**WHAT NEEDS TO BE DONE**
The lines in the listing below are to be given again exactly, starting at the line holding "The lightweight StecaGrid" and ending at the line holding "No Video Stabilization". Do not include pictures.

**INPUT DATA**

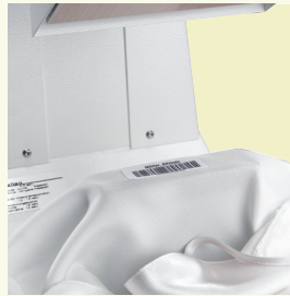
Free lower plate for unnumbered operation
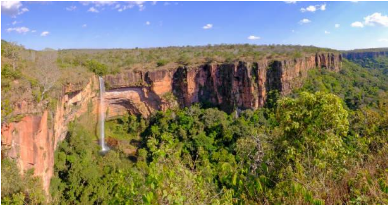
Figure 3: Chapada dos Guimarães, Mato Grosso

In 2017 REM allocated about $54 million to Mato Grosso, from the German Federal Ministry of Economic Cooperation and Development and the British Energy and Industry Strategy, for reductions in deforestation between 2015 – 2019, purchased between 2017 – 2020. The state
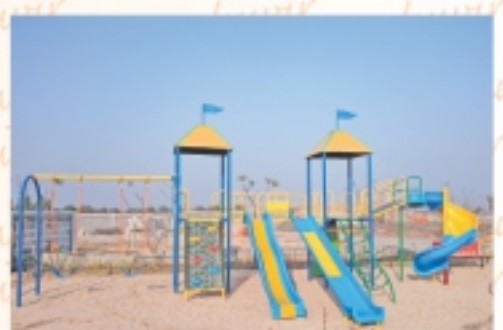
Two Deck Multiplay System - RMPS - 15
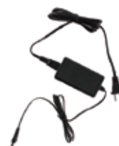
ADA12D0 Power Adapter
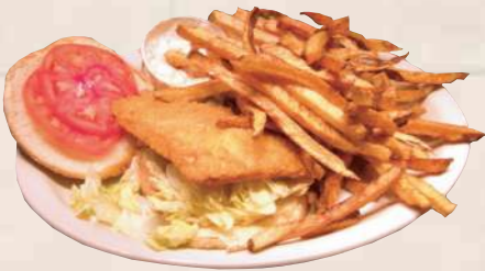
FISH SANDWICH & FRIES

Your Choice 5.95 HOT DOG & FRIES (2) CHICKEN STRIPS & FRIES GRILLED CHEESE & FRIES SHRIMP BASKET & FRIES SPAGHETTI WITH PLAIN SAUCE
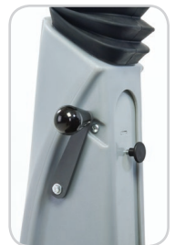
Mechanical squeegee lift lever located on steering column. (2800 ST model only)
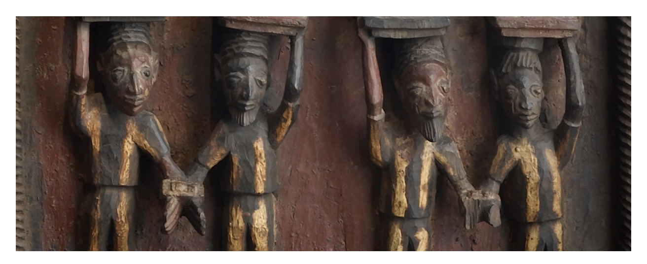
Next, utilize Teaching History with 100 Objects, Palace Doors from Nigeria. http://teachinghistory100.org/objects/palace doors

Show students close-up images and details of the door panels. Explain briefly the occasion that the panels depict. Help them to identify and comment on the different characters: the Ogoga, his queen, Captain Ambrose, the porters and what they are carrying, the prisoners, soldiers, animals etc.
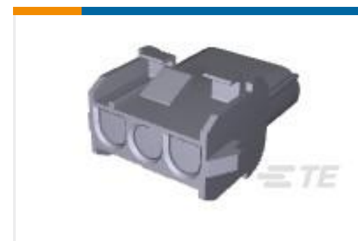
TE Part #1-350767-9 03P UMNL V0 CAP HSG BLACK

* * *

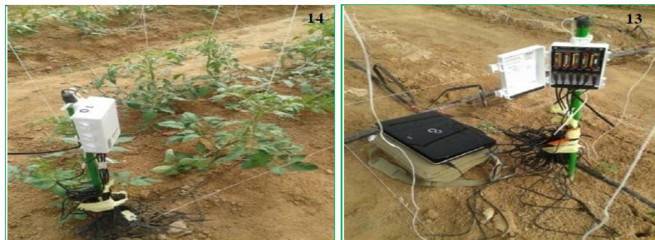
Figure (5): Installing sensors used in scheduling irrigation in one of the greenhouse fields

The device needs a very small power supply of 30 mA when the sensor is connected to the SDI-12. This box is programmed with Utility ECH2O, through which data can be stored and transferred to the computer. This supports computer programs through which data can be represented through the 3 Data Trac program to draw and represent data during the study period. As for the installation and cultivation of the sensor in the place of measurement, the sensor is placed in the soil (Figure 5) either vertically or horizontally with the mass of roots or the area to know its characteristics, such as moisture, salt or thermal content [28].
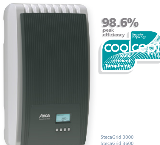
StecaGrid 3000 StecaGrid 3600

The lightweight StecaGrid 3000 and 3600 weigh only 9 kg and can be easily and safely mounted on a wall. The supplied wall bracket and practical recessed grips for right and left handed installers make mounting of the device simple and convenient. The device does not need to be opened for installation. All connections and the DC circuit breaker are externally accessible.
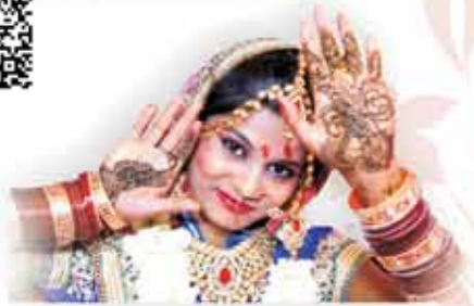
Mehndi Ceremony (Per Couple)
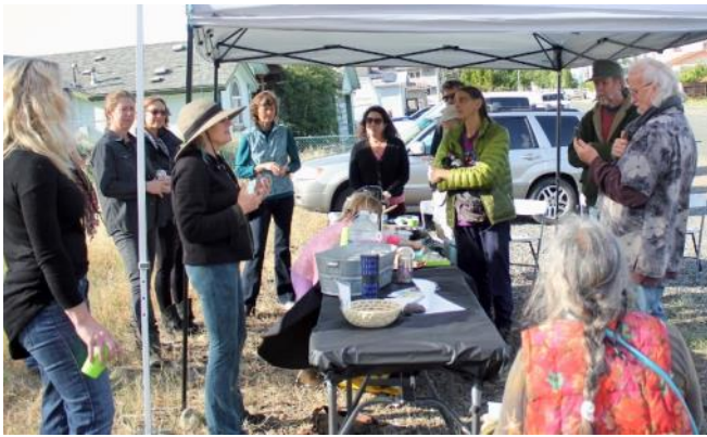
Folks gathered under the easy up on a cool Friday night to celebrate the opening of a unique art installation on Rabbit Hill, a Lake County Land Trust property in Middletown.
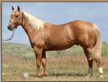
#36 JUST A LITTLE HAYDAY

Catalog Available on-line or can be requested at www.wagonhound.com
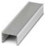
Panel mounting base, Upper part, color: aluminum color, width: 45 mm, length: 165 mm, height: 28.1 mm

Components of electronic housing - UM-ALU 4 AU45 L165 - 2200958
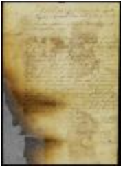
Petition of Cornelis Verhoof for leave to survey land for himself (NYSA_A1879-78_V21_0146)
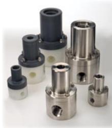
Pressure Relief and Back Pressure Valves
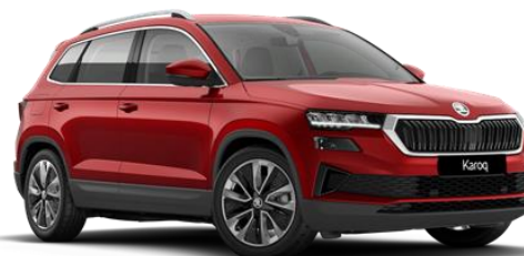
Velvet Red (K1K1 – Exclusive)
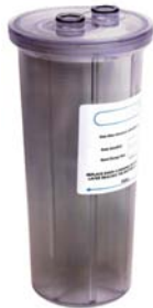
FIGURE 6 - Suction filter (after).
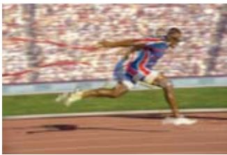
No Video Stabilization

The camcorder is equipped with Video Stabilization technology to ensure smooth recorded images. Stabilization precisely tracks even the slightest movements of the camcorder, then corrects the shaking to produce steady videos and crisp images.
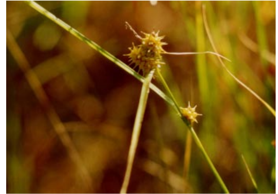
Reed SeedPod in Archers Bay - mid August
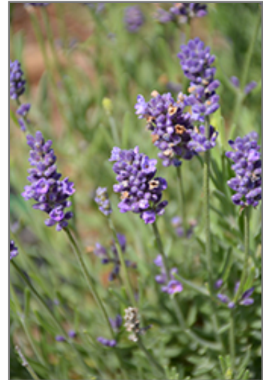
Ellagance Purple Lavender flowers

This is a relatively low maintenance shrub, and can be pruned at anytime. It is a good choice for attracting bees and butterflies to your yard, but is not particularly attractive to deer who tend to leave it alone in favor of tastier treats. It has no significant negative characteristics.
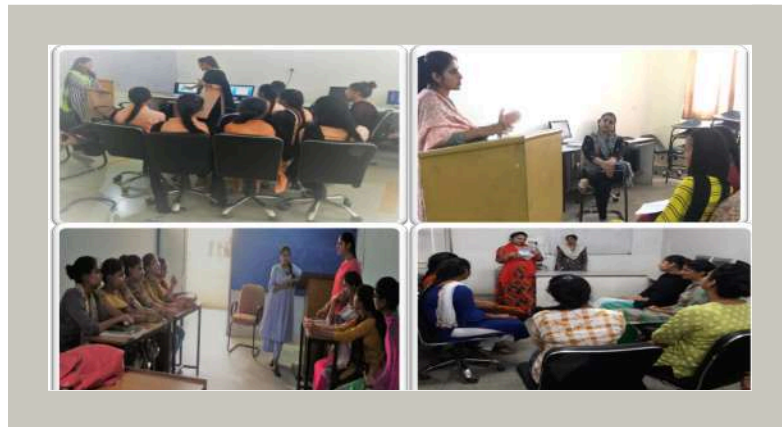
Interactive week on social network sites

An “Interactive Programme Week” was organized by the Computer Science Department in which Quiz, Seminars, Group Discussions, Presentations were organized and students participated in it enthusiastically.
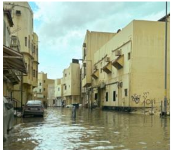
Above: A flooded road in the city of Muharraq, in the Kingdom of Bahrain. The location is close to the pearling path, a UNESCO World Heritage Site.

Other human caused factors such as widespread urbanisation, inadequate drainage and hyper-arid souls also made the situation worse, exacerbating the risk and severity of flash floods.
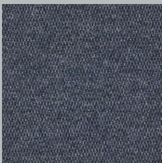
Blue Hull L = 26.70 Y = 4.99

**RESULT OF THE TASK**
The lightweight StecaGrid 3000 and 3600 weigh only 9 kg and can be easily and safely mounted on a wall. The supplied wall bracket and practical recessed grips for right and left handed installers make mounting of the device simple and convenient. The device does not need to be opened for installation. All connections and the DC circuit breaker are externally accessible.
Mehndi Ceremony (Per Couple)
Folks gathered under the easy up on a cool Friday night to celebrate the opening of a unique art installation on Rabbit Hill, a Lake County Land Trust property in Middletown.
#36 JUST A LITTLE HAYDAY

Catalog Available on-line or can be requested at www.wagonhound.com
Panel mounting base, Upper part, color: aluminum color, width: 45 mm, length: 165 mm, height: 28.1 mm

Components of electronic housing - UM-ALU 4 AU45 L165 - 2200958
Petition of Cornelis Verhoof for leave to survey land for himself (NYSA_A1879-78_V21_0146)
Pressure Relief and Back Pressure Valves
Velvet Red (K1K1 – Exclusive)
FIGURE 6 - Suction filter (after).
No Video Stabilization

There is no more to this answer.